We believe J.B. Hunt’s efforts to deny shareholders the opportunity to weigh in on its approach to managing its climate impacts is an abdication of good corporate governance that will be detrimental to shareholders. Withholding votes from the members of this Committee will send an important signal to J.B. Hunt’s Board and Management that it needs to demonstrate, through clear action rather than vague words, how it is aligning its operations with the imperative to reduce GHG emissions.

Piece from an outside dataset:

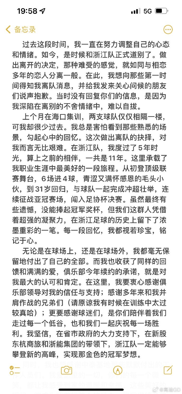 過去這段時間,我一直在努力調(diào)整自己的心態(tài)和情緒。如今,是時候和浙江隊正式道別了。做出離開的決定,那種難受的感覺,就如同與相戀多年的戀人分離一般。在此,我想向那些第一時間得知我離隊消息,并給我發(fā)來關(guān)心問候的朋友們說聲抱歉。當時沒有回復你們的信息,是因為我深陷在離別的不舍情緒中,難以自拔。

Please contact Allan Pearce at 503-953-8345 or apearce@trilliuminvest.com for additional information.
Allan Pearce
Shareholder Advocate
Trillium Asset Management, LLC.
IMPORTANT NOTICE: The cost of this communication is being borne entirely by Trillium Asset Management, LLC. The foregoing information may be disseminated to shareholders via telephone, U.S. mail, e-mail, certain websites and certain social media venues, and should not be construed as investment advice or as a solicitation of authority to vote your proxy. The cost of disseminating the foregoing information to shareholders is being borne entirely by Trillium. Proxy cards will not be accepted by Trillium. To vote your proxy, please follow the instructions on your proxy card. These written materials may be submitted pursuant to Rule 14a-6(g)(1) promulgated under the Securities Exchange Act of 1934. Submission is not required of this filer under the terms of the Rule, but is made voluntarily in the interest of public disclosure and consideration of these important issues. The reviews expressed are those of the authors and Trillium Asset Management, LLC as of the date referenced and are subject to change at any time based on market or other conditions. These views are not intended to be a forecast of future events or a guarantee of future results. These views may not be relied upon as investment advice. The information provided in this material should not be considered a recommendation to buy or sell any of the securities mentioned. It should not be assumed that investments in such securities have been or will be profitable. To the extent specific securities are mentioned, they have been selected by the authors on an objective basis to illustrate views expressed in the commentary and do not represent all of the securities purchased, sold or recommended for advisory clients. The information contained herein has been prepared from sources believed reliable but is not guaranteed by us as to its timeliness or accuracy, and is not a complete summary or statement of all available data. This piece is for informational purposes and should not be construed as a research report.